**DATA BELOW:**
----------------

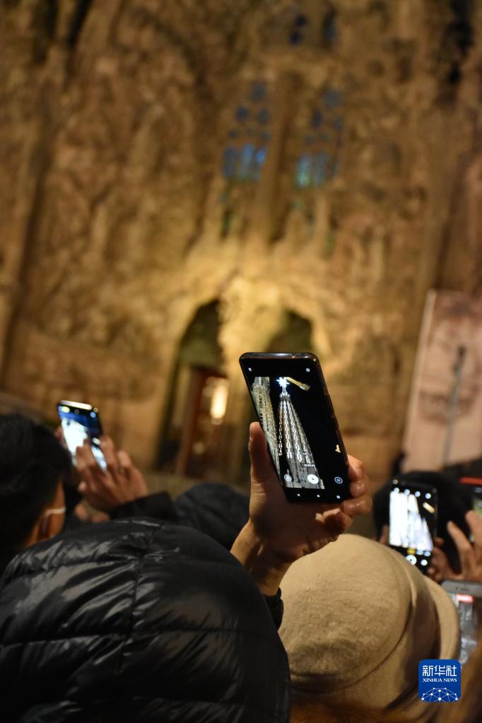 12月8日,人們在西班牙巴塞羅那拍攝圣家堂塔頂之星。
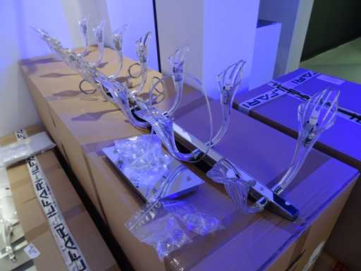 Couleur : chrome ; Nombre de sources lumineuses : 14 ; avec du cristal ; Dimensions : Largeur : 150 cm
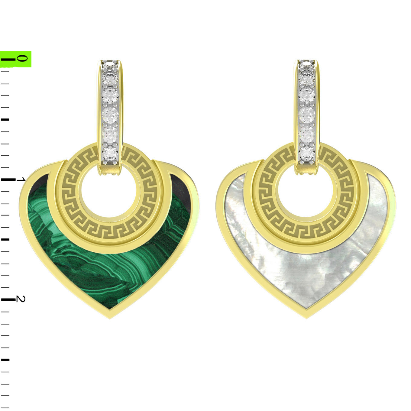 Подвеска из лимонного золота c фианитом, малахитом и перламутром

----------------

**PROMPT:** Return the full listing above exactly as written, and omit the pictures.

**EXPECTED ANSWER:**
 12月8日,人們在西班牙巴塞羅那拍攝圣家堂塔頂之星。
 Couleur : chrome ; Nombre de sources lumineuses : 14 ; avec du cristal ; Dimensions : Largeur : 150 cm
 Подвеска из лимонного золота c фианитом, малахитом и перламутром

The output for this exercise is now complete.